Editorial: Don’t send U.S. ground troops to Iraq
The fall of Ramadi is causing another round of recriminations about what President Barack Obama is or isn’t doing to stop the Islamic State’s march across Iraq.
But our recent observance of Memorial Day should remind us that war exacts a real human cost. It should tell us that there’s no justification for sending thousands of U.S. troops back into combat in Iraq.
Lest we forget, Anbar province is where more Americans were killed than any other province during the last Iraq war. In late 2004, more than 80 died in door-to-door fighting in Fallujah. In 2006, Ramadi was where U.S. officers joined forces with Sunni sheikhs and helped turn the tide of the war.
That should be a lesson: Merely sending in more Marines isn’t a real strategy — a point reinforced by Defense Secretary Ashton Carter. He made headlines May 24 by calling out the Iraqi military for lacking the “will to fight” in Ramadi, and by pointing out that until it does, the Islamic State cannot be defeated.
Carter spoke the truth.

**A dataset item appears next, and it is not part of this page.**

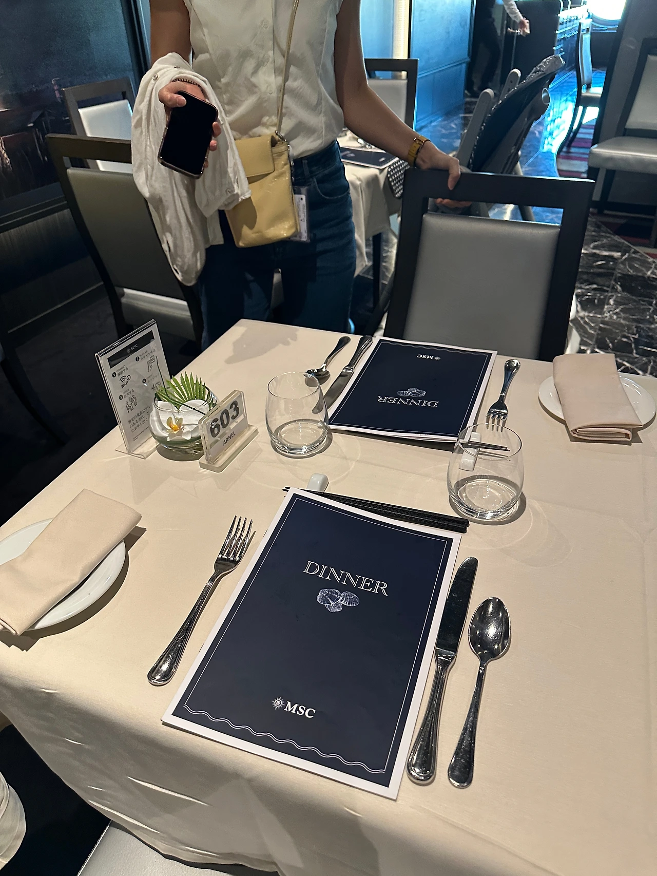 정찬 레스토랑의 경우 아무래도 직접 음식을 서빙하고, 식사인원이 많다 보니 음식이 나오는 시간이 다소 길어지기도 하기 때문에 식사시간에 여유를 가지고 와야 한다. 또한 드레스코드가 정해진 경우도 있어서 이를 신경 쓰지 않으면 입장이 제한되기도 한다. 그러나 우리가 탑승한 MSC는 캐주얼한 크루즈로 알려져 있어서 복장에 크게 까다롭진 않았다.

The U.S.-led coalition should continue airstrikes and provide training and weapons, but the assistance will matter little unless the Iraqi government can rally Shiite and Sunni factions and its military becomes effective.
Still, there’s no easy way to defeat the Islamic State in Iraq — not to mention in Syria, which is in the middle of a full-fledged civil war.
That, however, doesn’t excuse the irresponsible silence from Congress since the president asked in February for formal authorization to wage war against the Islamic State.
Instead, debate in the Washington, D.C., bubble has focused on the last Iraq war — whether knowing what we know now about the absence of weapons of mass destruction, then-President George W. Bush still should have ordered the invasion in March 2003. His brother, potential GOP presidential candidate Jeb Bush, flubbed that hypothetical question, handing his rivals a club with which to pummel him.
It’s interesting to political junkies, but it’s not valuable for decisions facing lawmakers now.
When Congress returns from recess, it ought to do its constitutional duty and ask tough questions but ultimately approve a war-powers resolution that rules out ground troops except in limited circumstances such as rescuing pilots.